Nun gut, für heute war ich durch, musste aber noch Strecke machen. Um meinen dämlichen ersten Bonuspunkt nachzuholen hatte ich mich für eine lange Autobahnstrecke entschieden und wollte heute noch bis Mailand kommen. Dummerweise verfuhr ich mich auf der Autobahn so dass ich das Hotel wieder erst recht spät erreichte. Wie üblich bezahlte ich das Zimmer gleich beim Einchecken, duschte und ging dann ins Restaurant. Ich orderte ein Bier und lies es aufs Zimmer schreiben, woraufhin der Kellner nach etwa 15 Minuten verwirrt wiederkam und meinte das Zimmer sei schon bezahlt. Ich bejahte, und versuchte ihm zu erklären, dass er eine neue Rechnung aufmachen sollte da ich am Morgen ja die zweite Quittung benötigte. Nach etwa 2 Stunden gab ich auf und zahlte in bar, an der Rezeption versicherte man mir aber, dass ich das Frühstück mit Karte zahlen konnte.
Tag 6 – 04. August, 08:00 Uhr, Mailand.
Ich sattelte auf und sah nebenan an einer Anzeige, dass es bereits 40 Grad hatte. UM 8 UHR MORGENS. Oh Gott, und ich hab noch ein paar hundert Kilometer Autobahn vor mir, ohne jeden Schatten. Ich verfluchte mich zum x-ten mal den Bonuspunkt ausgelassen zu haben und machte mich auf den Weg. Gegen 11:30 Uhr hatte ich das Foto dann und im nebenbei noch festgestellt dass der Anstieg eigentlich ganz einfach war und nur von unten so wild ausgesehen hatte. Jetzt galt es nur noch der Brenner-Hitze zu trotzen, mein nächster Bonuspunkt würde erst wieder Schloß Neuschwanstein sein. Um 19:00 Uhr war Deadline in Miesbach, aber es lief sehr gut. Ich konnte sogar nach 2 zusätzliche Punkte abgrasen und, bereits in Miesbach, einen Mitstreiter ärgern, der mir mit einer BMW hinterherfuhr und dann ungläubig hinterher sah als ich mich mit der kleinen XBR durch die Schranke einer Fußgänger/Fahrrad-Brücke schlängelte. Ich kam rechtzeitig im Hotel an, gab meine SD-Karte und das Claiming-Sheet ab und legte mich dann erst mal in die Badewanne voll kaltem Wasser. Äußerlich abgekühlt machte ich mich auf den Weg ins Restaurant zur innerlichen Abkühlung und ein paar Happen zu essen. Mit vielen tollen Eindrücken endete dieser Abend dann bei reichlich Gesprächen an der Hotelbar.
Das Finale:
Am nächsten Tag stand dann noch das Scoring auf dem Programm. Überraschenderweise wurde mir außer der Kapelle von Leg1 nichts weiter abgezogen, aber durch meine schlechte Planung in Leg2 rutschte ich rasant von Platz 2 ins Mittelfeld ab. Aber egal, ich hatte es geschafft. Leider hat es auch Johannes noch erwischt und er schied aus, so dass ich am Ende der einzige der 5 XBR-Fahrer war, der in die Wertung kam.
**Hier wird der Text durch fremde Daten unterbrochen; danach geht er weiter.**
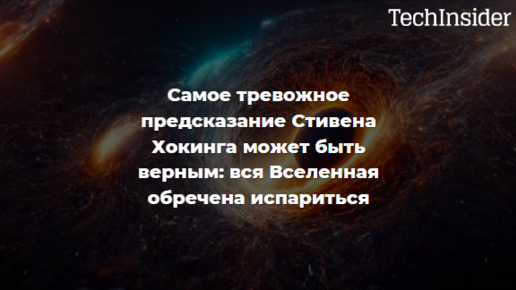 САМОЕ ТРЕВОЖНОЕ ПРЕДСКАЗАНИЕ СТИВЕНА ХОКИНГА МОЖЕТ БЫТЬ ВЕРНЫМ: вся Вселенная обречена испариться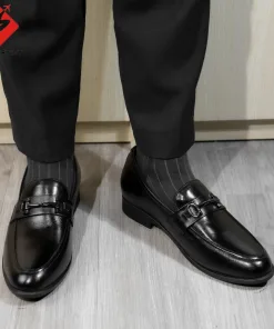 Giày lười tăng chiều cao nam SIGOURNEY SIG38 có thiết kế cổ điển với màu đen bóng sang trọng, dễ mang, dễ phối đồ, mang đến vẻ sang trọng và chỉn chu cho người mang.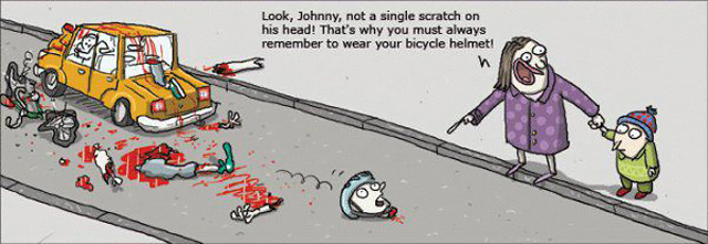 Γιά την καθημερινότητα ως έχει: αν ένας ποδηλάτης παρασυρθεί από αυτοκίνητο, λεωφορείο ή μηχανάκι, τίποτα δε μπορεί να τον προστατέψει…

Am Abend dann wiederholte sich Roberts Perfektionismus und es gab ein prächtiges Abschluss-Bankett in einer nahegelegenen alten Scheune gefolgt von der Siegerehrung und dutzenden Erzählungen mit lauter strahlenden Gesichtern.
Eine grandiose Rally und eine meiner schönsten Motorradtouren. Mein herzlicher Dank dafür an Robert und all die Helferlein im Rallyteam.
Noch immer bin ich fassungslos darüber, dass Richard im November völlig unerwartet verstorben ist. Ich durfte ihn über die XBR-Alpentouren kennen lernen und schätzte ihn als perfekten Mitfahrer durch seine stets hilfsbereite, freundliche und fröhliche Natur. Mein herzliches Beileid geht hier noch mal an seine Angehörigen und an seinen besten Kumpel Harri.